== Directions ==
Retype the listing below line for line, but only from the line with "справжній 18+ контент!" down to the line with "Mexen Cesar Granit-Ëvier", inclusive. Pictures stay out.

== Material for the task ==
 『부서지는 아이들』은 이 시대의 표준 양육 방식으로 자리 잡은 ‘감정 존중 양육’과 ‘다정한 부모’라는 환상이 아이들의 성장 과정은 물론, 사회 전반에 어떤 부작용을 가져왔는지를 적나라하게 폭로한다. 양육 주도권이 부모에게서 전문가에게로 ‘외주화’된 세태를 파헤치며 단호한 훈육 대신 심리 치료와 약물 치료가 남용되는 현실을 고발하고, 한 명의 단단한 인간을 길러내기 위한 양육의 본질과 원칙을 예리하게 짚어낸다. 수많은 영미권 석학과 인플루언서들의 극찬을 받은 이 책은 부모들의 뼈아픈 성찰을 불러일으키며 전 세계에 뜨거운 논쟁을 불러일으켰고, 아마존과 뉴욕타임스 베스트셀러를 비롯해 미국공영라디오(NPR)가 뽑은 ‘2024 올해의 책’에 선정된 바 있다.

---

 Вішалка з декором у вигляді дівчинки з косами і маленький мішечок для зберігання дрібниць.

==

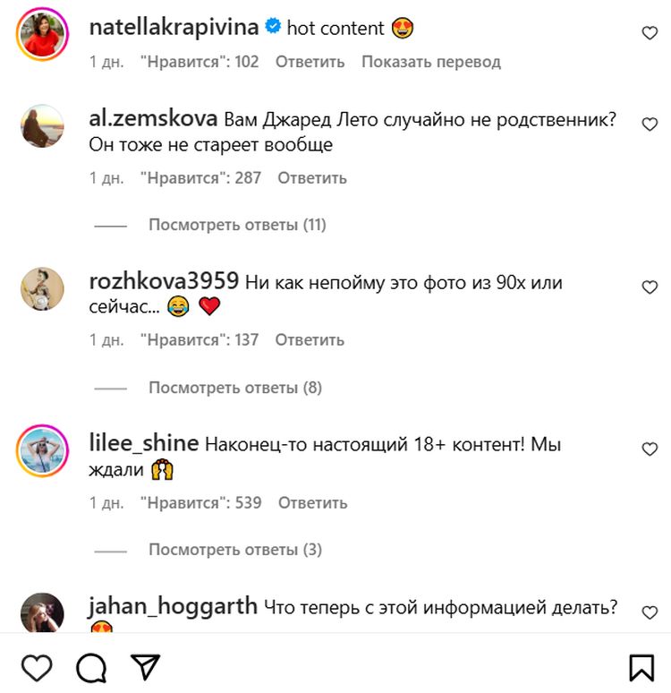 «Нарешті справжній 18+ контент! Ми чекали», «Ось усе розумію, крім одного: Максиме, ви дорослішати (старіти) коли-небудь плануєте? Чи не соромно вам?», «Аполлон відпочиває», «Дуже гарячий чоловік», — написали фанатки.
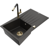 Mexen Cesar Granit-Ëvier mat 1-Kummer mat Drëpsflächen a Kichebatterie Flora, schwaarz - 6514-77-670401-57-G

== Problem solution ==
 «Нарешті справжній 18+ контент! Ми чекали», «Ось усе розумію, крім одного: Максиме, ви дорослішати (старіти) коли-небудь плануєте? Чи не соромно вам?», «Аполлон відпочиває», «Дуже гарячий чоловік», — написали фанатки.
 Mexen Cesar Granit-Ëvier mat 1-Kummer mat Drëpsflächen a Kichebatterie Flora, schwaarz - 6514-77-670401-57-G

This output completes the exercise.